■ DATA BLOCK ■
Start of Block
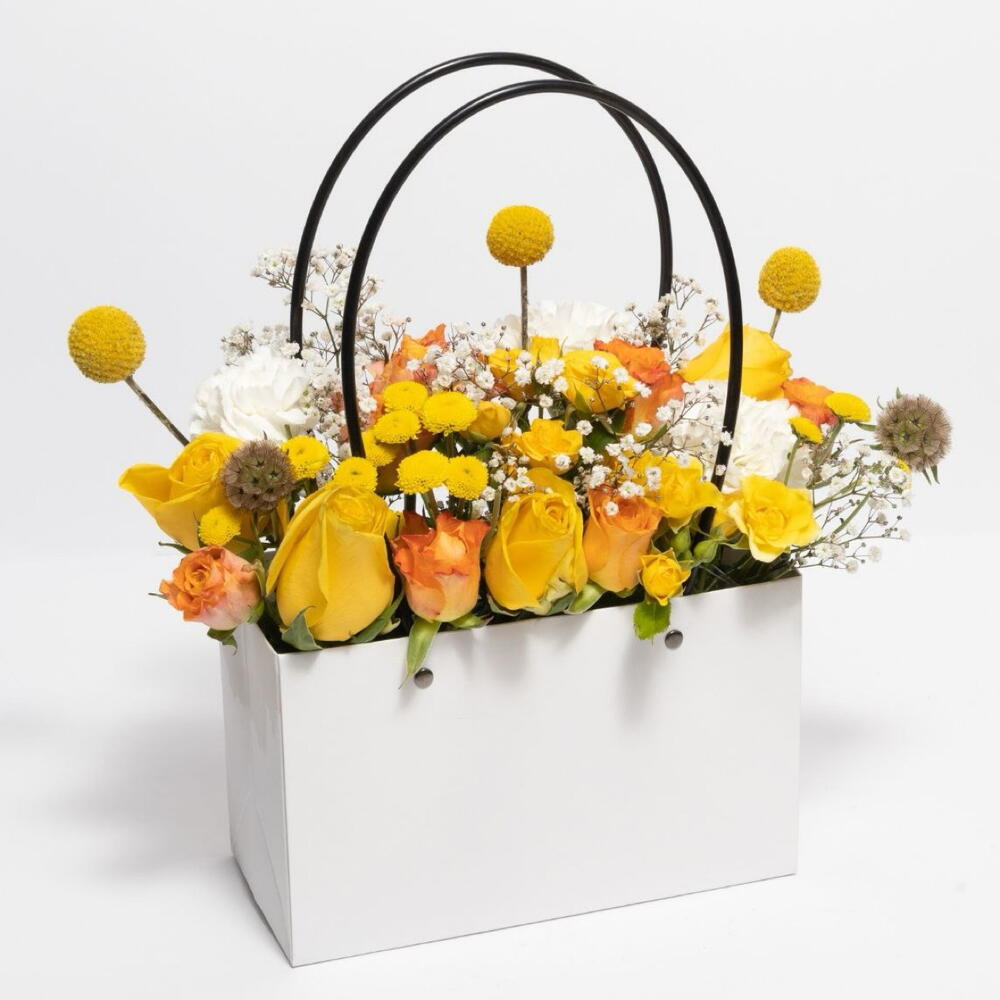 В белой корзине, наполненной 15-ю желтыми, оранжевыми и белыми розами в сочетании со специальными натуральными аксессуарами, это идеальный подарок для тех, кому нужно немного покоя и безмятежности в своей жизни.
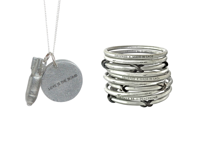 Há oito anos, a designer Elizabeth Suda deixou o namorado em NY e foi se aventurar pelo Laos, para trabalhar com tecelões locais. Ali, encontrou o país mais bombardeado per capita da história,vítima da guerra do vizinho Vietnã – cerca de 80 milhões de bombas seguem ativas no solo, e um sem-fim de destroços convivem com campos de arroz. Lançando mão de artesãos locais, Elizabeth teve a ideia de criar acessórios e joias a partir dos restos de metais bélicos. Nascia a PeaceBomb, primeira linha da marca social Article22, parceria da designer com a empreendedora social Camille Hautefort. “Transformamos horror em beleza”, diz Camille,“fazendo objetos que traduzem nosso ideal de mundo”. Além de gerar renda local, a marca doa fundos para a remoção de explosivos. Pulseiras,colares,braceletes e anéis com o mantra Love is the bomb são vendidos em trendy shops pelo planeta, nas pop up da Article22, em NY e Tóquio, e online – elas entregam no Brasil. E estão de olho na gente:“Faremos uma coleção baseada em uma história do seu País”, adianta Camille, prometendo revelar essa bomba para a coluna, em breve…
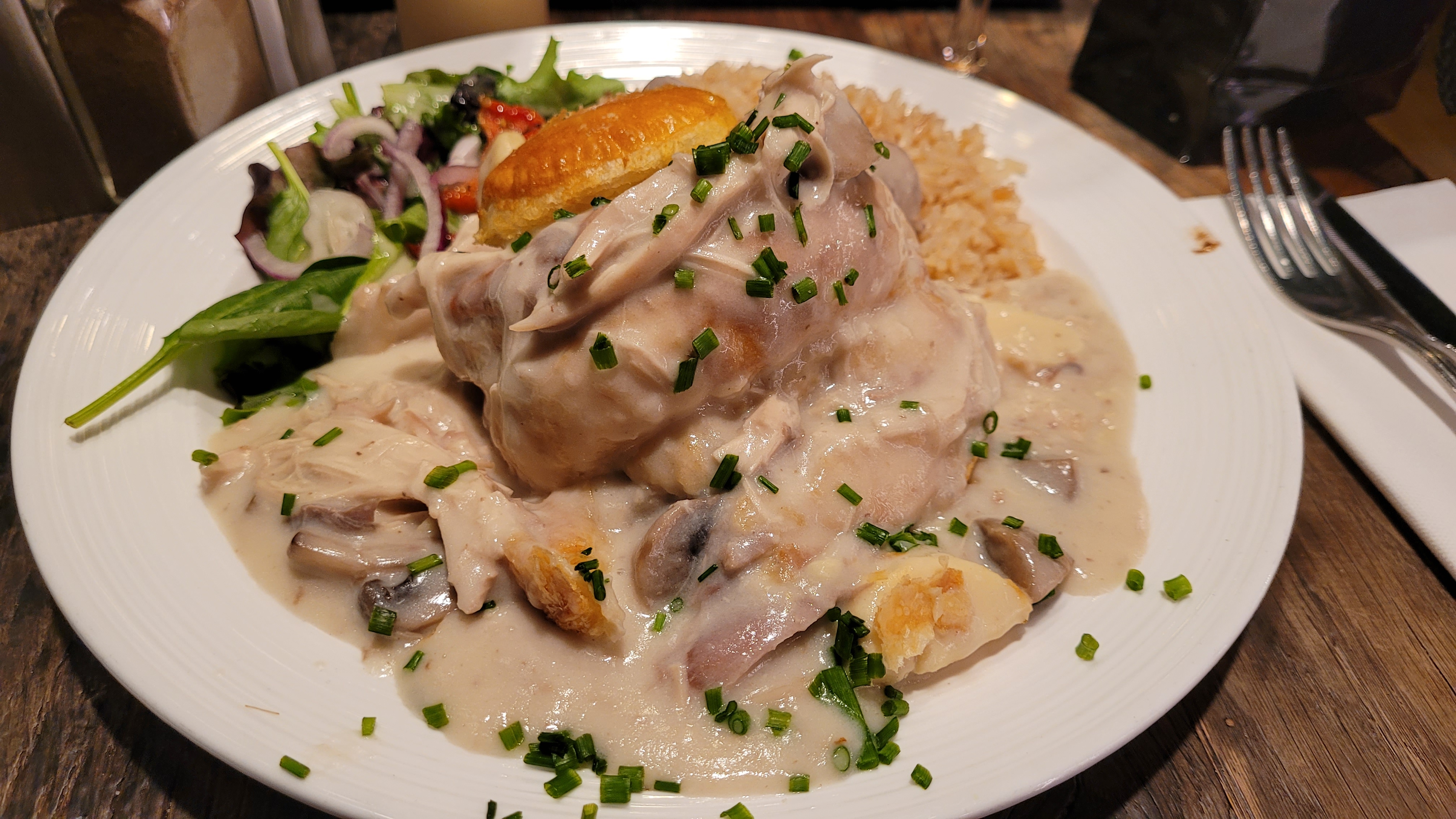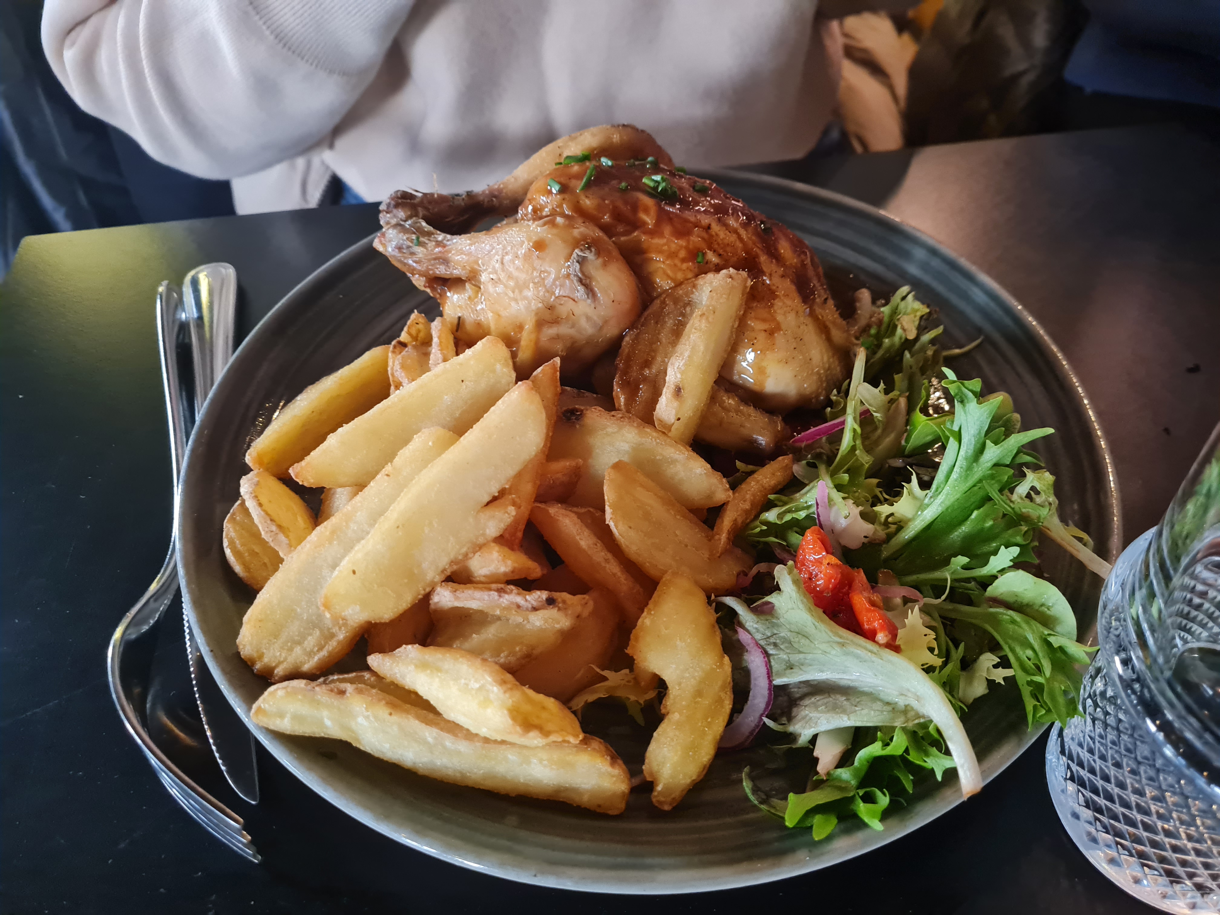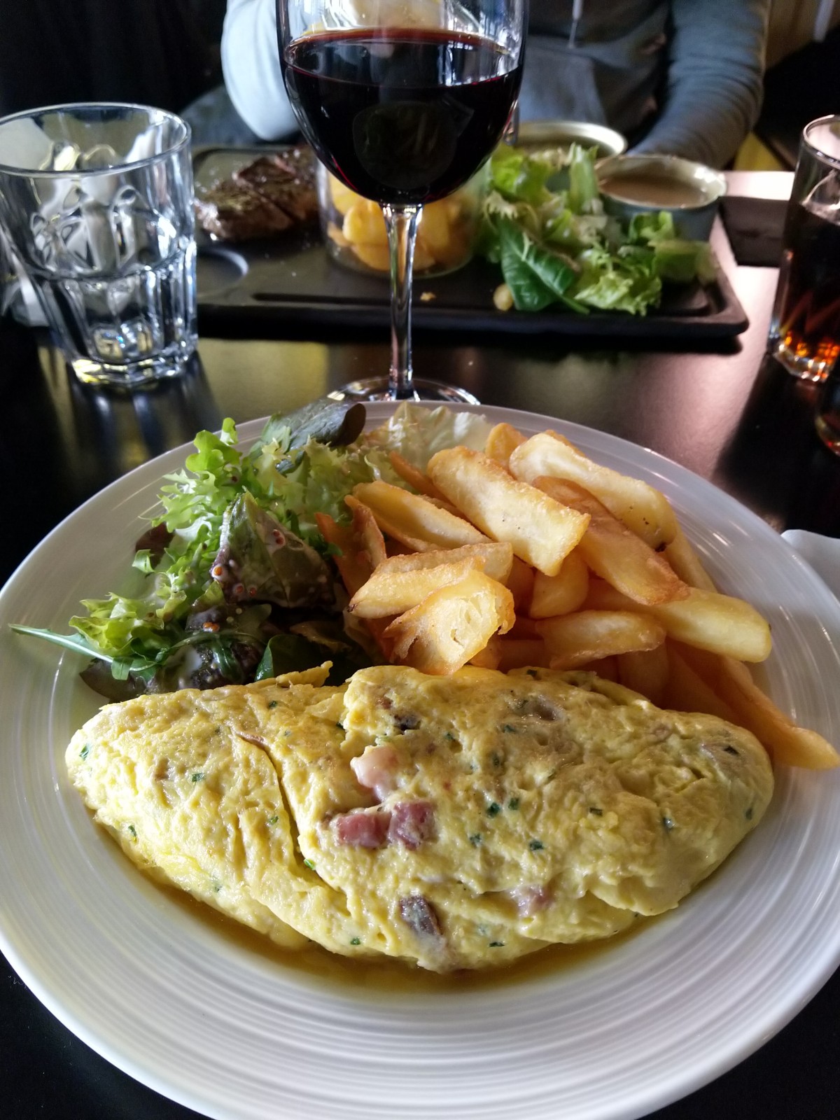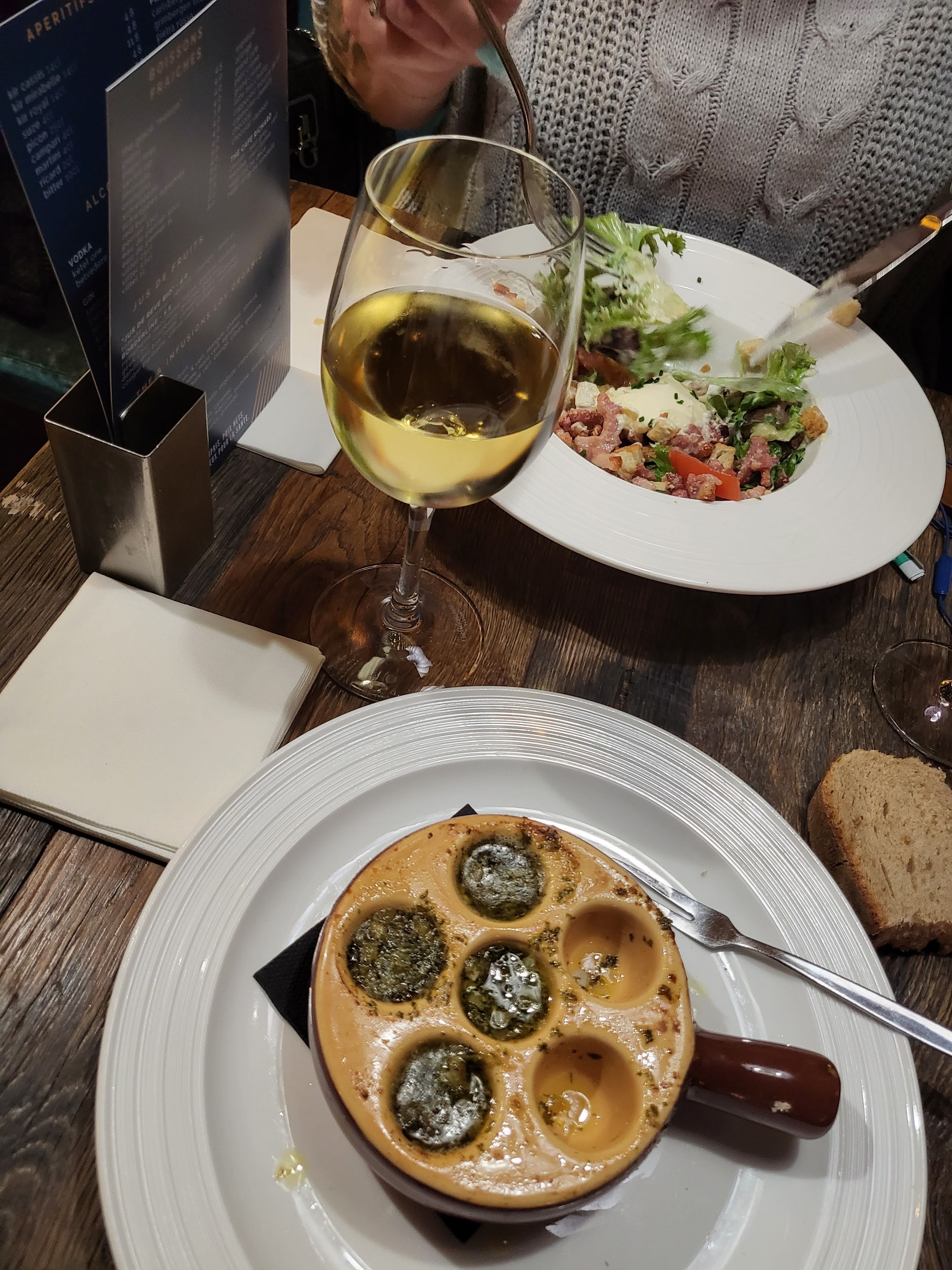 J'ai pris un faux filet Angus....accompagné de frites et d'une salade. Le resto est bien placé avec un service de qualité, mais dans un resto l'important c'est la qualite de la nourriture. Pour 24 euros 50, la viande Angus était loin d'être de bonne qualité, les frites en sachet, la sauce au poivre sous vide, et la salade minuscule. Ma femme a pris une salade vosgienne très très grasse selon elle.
End of Block
■ EXERCISE ■
The answer should contain every line of the material exactly as written and no pictures.

■ REPLY TO THE EXERCISE ■
 В белой корзине, наполненной 15-ю желтыми, оранжевыми и белыми розами в сочетании со специальными натуральными аксессуарами, это идеальный подарок для тех, кому нужно немного покоя и безмятежности в своей жизни.
 Há oito anos, a designer Elizabeth Suda deixou o namorado em NY e foi se aventurar pelo Laos, para trabalhar com tecelões locais. Ali, encontrou o país mais bombardeado per capita da história,vítima da guerra do vizinho Vietnã – cerca de 80 milhões de bombas seguem ativas no solo, e um sem-fim de destroços convivem com campos de arroz. Lançando mão de artesãos locais, Elizabeth teve a ideia de criar acessórios e joias a partir dos restos de metais bélicos. Nascia a PeaceBomb, primeira linha da marca social Article22, parceria da designer com a empreendedora social Camille Hautefort. “Transformamos horror em beleza”, diz Camille,“fazendo objetos que traduzem nosso ideal de mundo”. Além de gerar renda local, a marca doa fundos para a remoção de explosivos. Pulseiras,colares,braceletes e anéis com o mantra Love is the bomb são vendidos em trendy shops pelo planeta, nas pop up da Article22, em NY e Tóquio, e online – elas entregam no Brasil. E estão de olho na gente:“Faremos uma coleção baseada em uma história do seu País”, adianta Camille, prometendo revelar essa bomba para a coluna, em breve…
 J'ai pris un faux filet Angus....accompagné de frites et d'une salade. Le resto est bien placé avec un service de qualité, mais dans un resto l'important c'est la qualite de la nourriture. Pour 24 euros 50, la viande Angus était loin d'être de bonne qualité, les frites en sachet, la sauce au poivre sous vide, et la salade minuscule. Ma femme a pris une salade vosgienne très très grasse selon elle.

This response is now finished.